Тут неожиданно подал голос скромный Жан:
– Товарищ командир, а в сводках про Третий Украинский ничего не было? – И смущенно пояснил свой интерес к этому вопросу: – У меня там брат воюет, и в последней сводке говорилось, что они в Греции, под Волосом добивают остатки группы армий «Е».
Гусев, пожевав губами, ответил:
– До сих пор добивают. Фрицы там крепко окопались… – И меняя тему, добавил: – Ладно, хватит политинформации – дело не ждет! Поэтому сейчас – мыться и отдыхать. Рапорты завтра сдавать будете. А ты, – ткнув в меня пальцем, командир приказал: – Поедешь со мной.
– Зачем?
– Писать, дорогой, писать! Подчиненные пусть отдыхают, а мне твой доклад нужен срочно.
Во мля… Нет в жизни счастья… И приспичило же ему! Хотя это я просто про себя бурчу, так как обычная в общем-то процедура, сейчас мне кажется особенно отвратной. Устал сильно… Но никуда не денешься – командиру тоже надо наверх доложиться, и он должен обладать всей необходимой информацией. Поэтому, тяжело вздохнув, я поплелся за Гусевым к машине.
Генерал-майор, уже сидя в машине, окинул меня взглядом и ехидно спросил, указывая на автомат и разгрузку:
– Что, так и поедешь?
– Так ведь тебе срочно приспичило! Прям сию секунду! Да и операция закончена, от кого теперь скрываться?
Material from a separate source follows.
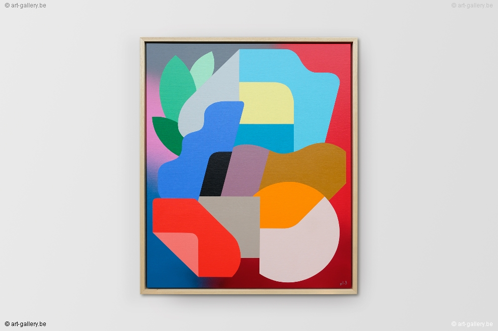 Origineel schilderij op canvas, gespannen op aluminum frame, voorzien van houtkleurige baklijst.
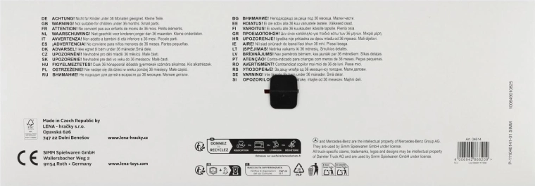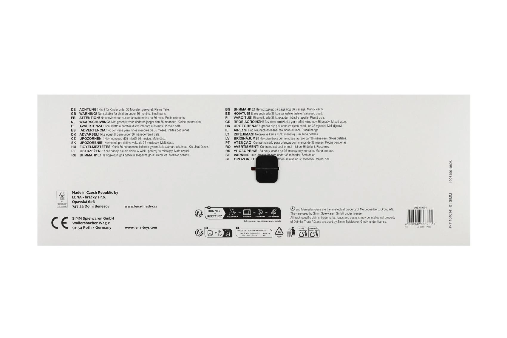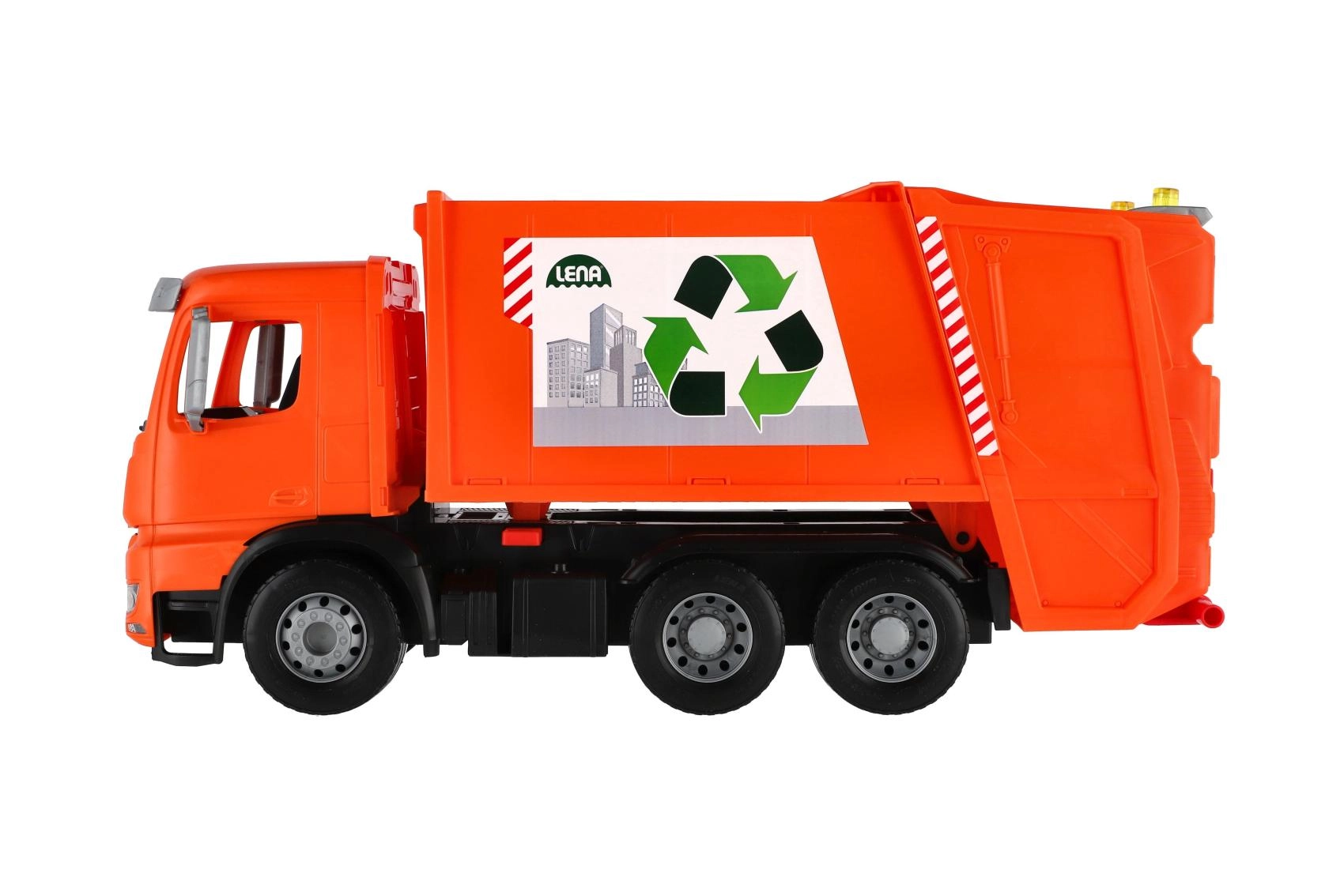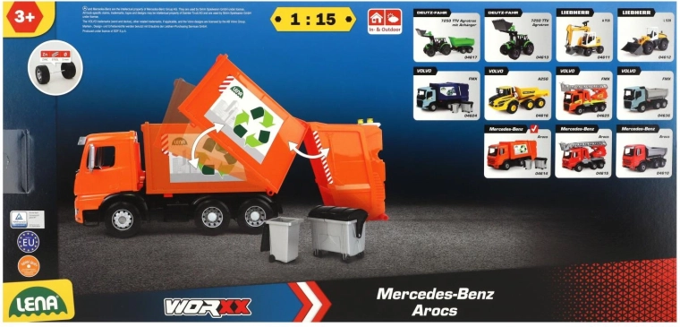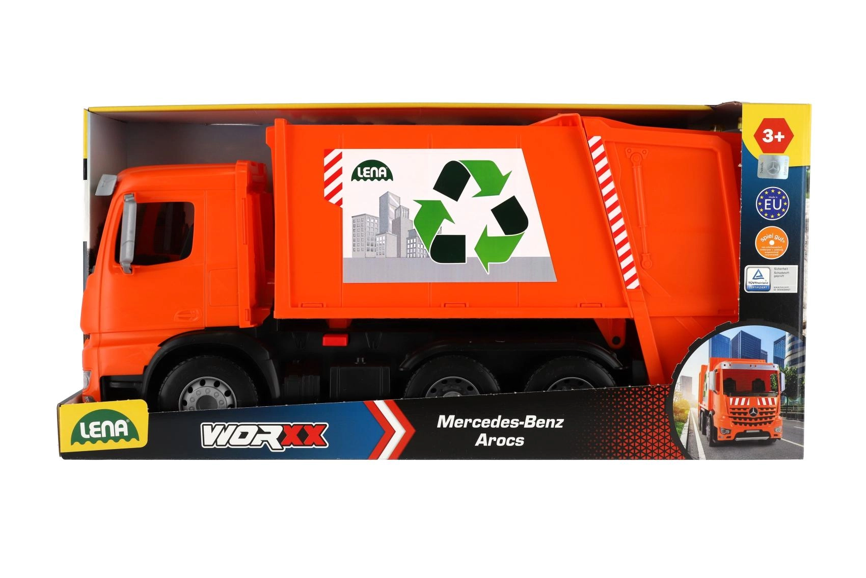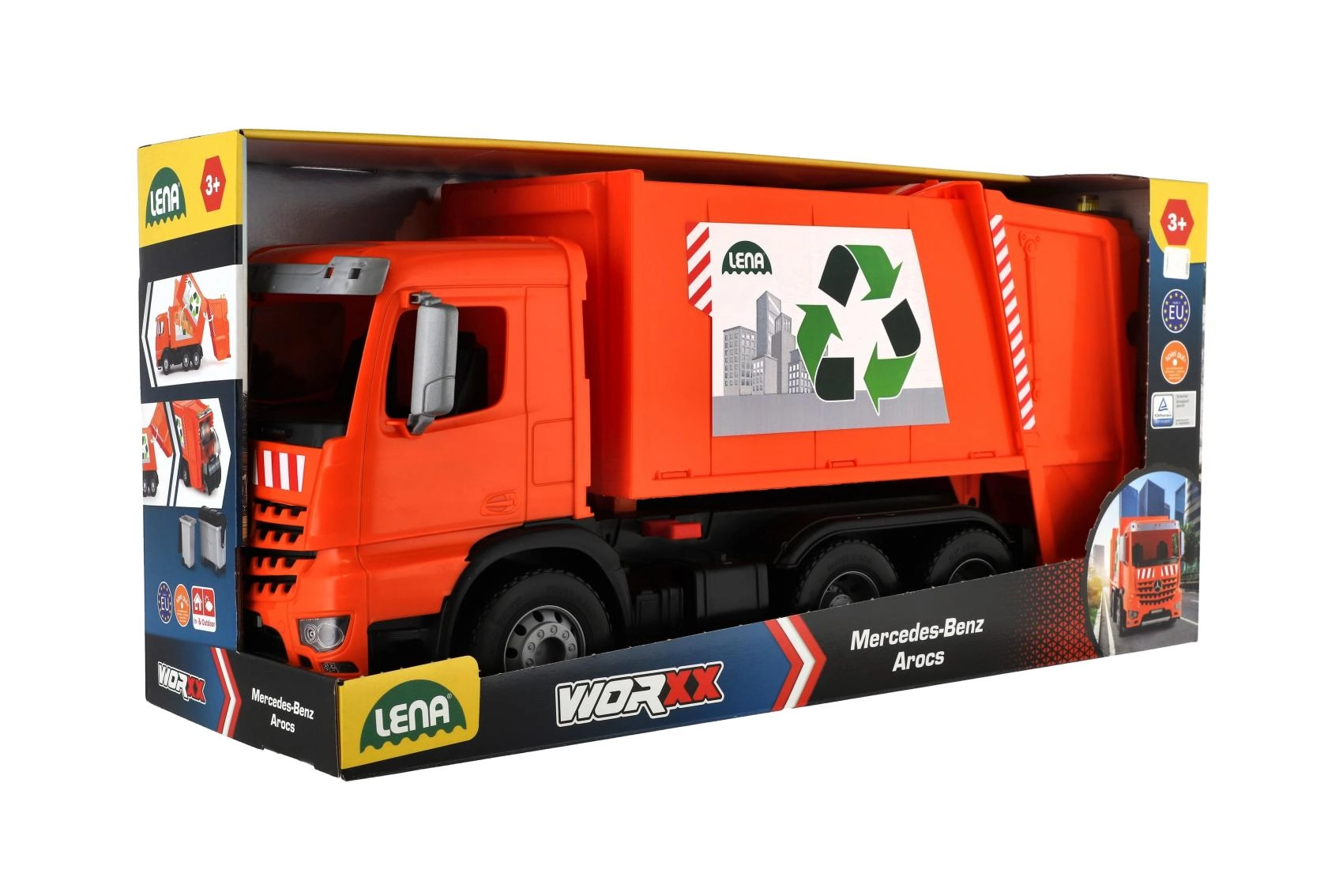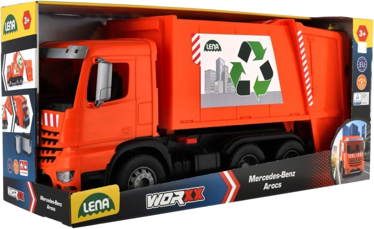 Oranžais atkritumu savācēja auto MERCEDES AROCS no zīmola LENA sniedz bērniem realistisku atkritumu savākšanas spēli. Piedāvā izturīgu plastmasas konstrukciju, stingras metāla riteņu asis, drošības fiksatoru pret nevēlamu izkraušanu un divus konteinerus vēl jautrākai spēlei. Lieliski piemērots iztēles attīstīšanai, koordinācijai un smalkajai motorikai mājās un dārzā.

Серега на это только неопределенно хмыкнул:
– Операция будет считаться законченной, когда я подам рапорт о ее итогах. Так что: шагом марш приводить себя в порядок! – И уже в спину добавил: – О тебе же забочусь. Летуны детали униформы террор-групп увидят, массово соблазняться начнут. А ты у нас человек нестойкий и к спекуляции дюже склонен. Сменяешь разгрузку на Б-17, потом ведь не отпишемся!
Оставив без ответа слова веселящегося Гусева, я ушел в палатку, скинул с себя амуницию и, взяв фуражку, вернулся к командиру.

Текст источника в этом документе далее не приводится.